While we believe that our active patents and patent applications are an important aspect of our business, we also rely heavily on the innovative skills, technical competence and marketing abilities of our personnel.
Employees
As of September 28, 2019, we had 1,446 full-time employees. Of our full-time employees, 1,023 were in the United States and 423 were in our international locations. Other than our employees in France and the Netherlands, none of our employees are represented by a labor union or covered by a collective bargaining agreement. We have not experienced any work stoppages. We consider our relationship with our employees to be good.
Corporate information
We incorporated in Delaware in August 2002 as Rincon Audio, Inc. and we changed our name to Sonos, Inc. in May 2004. We completed the initial public offering ("IPO") of our common stock in August 2018 and our common stock is listed on The Nasdaq Global Select Market under the symbol of "SONO." Our principal executive offices are located at 614 Chapala Street, Santa Barbara, California 93101, and our telephone number is (805) 965-3001.
Our website address is www.sonos.com.

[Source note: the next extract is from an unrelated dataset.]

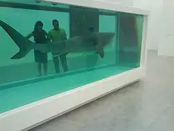 Hirsts bekendste werken betreft dieren (onder meer een tijgerhaai, schaap en een koe) die in een aquarium zijn gepreserveerd in formaldehyde. Vaak dragen deze werken een lange titel, die niets te maken heeft of lijkt te hebben met het afgebeelde dier. De installatie met de haai (1991) heet bijvoorbeeld The Physical Impossibility of Death in the Mind of Someone Living (vrij vertaald: De fysieke onmogelijkheid van de dood in de geest van iemand die leeft). Dit werk werd begin jaren tachtig aangekocht door de Britse kunstverzamelaar Charles Saatchi en in 2004 voor £ 6,5 miljoen (€ 9,3 miljoen) doorverkocht aan Hedgefonds-manager Steven Cohen. Daardoor verdiende Saatchi niet alleen € 9.225.000, maar promoveerde Damien Hirst ook tot de op een na duurste nog levende kunstenaar van dat moment (op Jasper Johns na).

The information on, or that can be accessed through, our website is not incorporated by reference into this Annual Report on Form 10-K. Investors should not rely on any such information in deciding whether to purchase our common stock.
Sonos, the Sonos logo, Sonos One, Sonos One SL, Sonos Beam, Play:1, Play:5, Playbase, Playbar, Sonos Amp, Sub, Sonos Move, Sonos Port and our other registered or common law trademarks, tradenames or service marks appearing in this Annual Report on Form 10-K are our property. Solely for convenience, our trademarks, tradenames and service marks referred to in this Annual Report on Form 10-K appear without the ®, ™ and SM symbols, but those references are not intended to indicate, in any way, that we will not assert, to the fullest extent under applicable law, our rights to these trademarks, tradenames and service marks. This Annual Report on Form 10-K contains additional trademarks, tradenames and service marks of other companies that are the property of their respective owners.
Available information
We make available, free of charge through our website, our annual reports on Form 10-K, quarterly reports on Form 10-Q and current reports on Form 8-K, and amendments to those reports, filed or furnished pursuant to Sections 13(a) or Section 15(d) of the Securities Exchange Act of 1934, as amended, as soon as reasonably practicable after they have been electronically filed with, or furnished to, the SEC.
The SEC maintains an internet site (http://www.sec.gov) that contains reports, proxy and information statements, and other information regarding issuers that file electronically with the SEC.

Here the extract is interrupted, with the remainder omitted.